Scott McCoy entered the Utah Senate in 2005 when Paula Julander announced she would leave her seat because of health reasons. Political experts expected he husband, Rod, to take her seat, but a heavily LGBTQ turnout at a Salt Lake County Democratic Party meeting to vote on Paula’s replacement elected McCoy.
Christine Johnson, a year later, ran for House 25 when Ross Romero decided to run for the Senate.
McCoy left his seat in 2009 and Johnson left hers in 2010, both to pursue their respective careers.
Brian Doughty won Johnson’s seat and served from 2011 through 2013 when he lost his seat to redistricting. Jim Dabakis was appointed by a Democratic committee to replace
Ben McAdams, who was elected as Salt Lake County Mayor in 2011. Dabakis served through 2019 and endorsed Kitchen to replace him.

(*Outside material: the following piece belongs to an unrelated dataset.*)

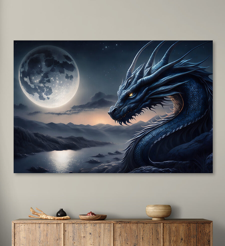 Przekształć dowolny pokój w kapryśną strefę przygód dzięki drukowi na płótnie przedstawiającemu oszałamiającego niebieskiego smoka z majestatycznymi rogami i urzekającym tłem księżyca. Wyobraź to sobie: Twoje dziecko wchodzące do swojego pokoju, oczy rozjaśniające się na widok tego dzikiego, ale przyjaznego stworzenia. To nie tylko sztuka; to iskra wyobraźni, idealna do marzeń o wyprawach i zaczarowanych krainach. Ten tętniący życiem element zachęca do myślenia o magicznych nocach i ekscytujących historiach. To dobry początek rozmowy, a bądźmy szczerzy, kto nie chciałby mieć smoka na oku? Idealny dla małych odkrywców!

Kitchen won the seat in 2019, becoming the lone LGBTQ person on the Hill.
For three years, from 2006 through 2009, Utah boasted three LGBTQ representatives in the state legislature. For eight years there were two, and since 2014 just one.
“When LGBTQ elected leaders are in the room, they humanize our lives, impact policy and legislative debates and influence straight lawmaker colleagues to vote in favor of equality. LGBTQ elected officials are our best defense against anti-LGBTQ efforts at all levels of government, and are best positioned to advance equality for our community,” writes LGBTQ election group Victory Fund.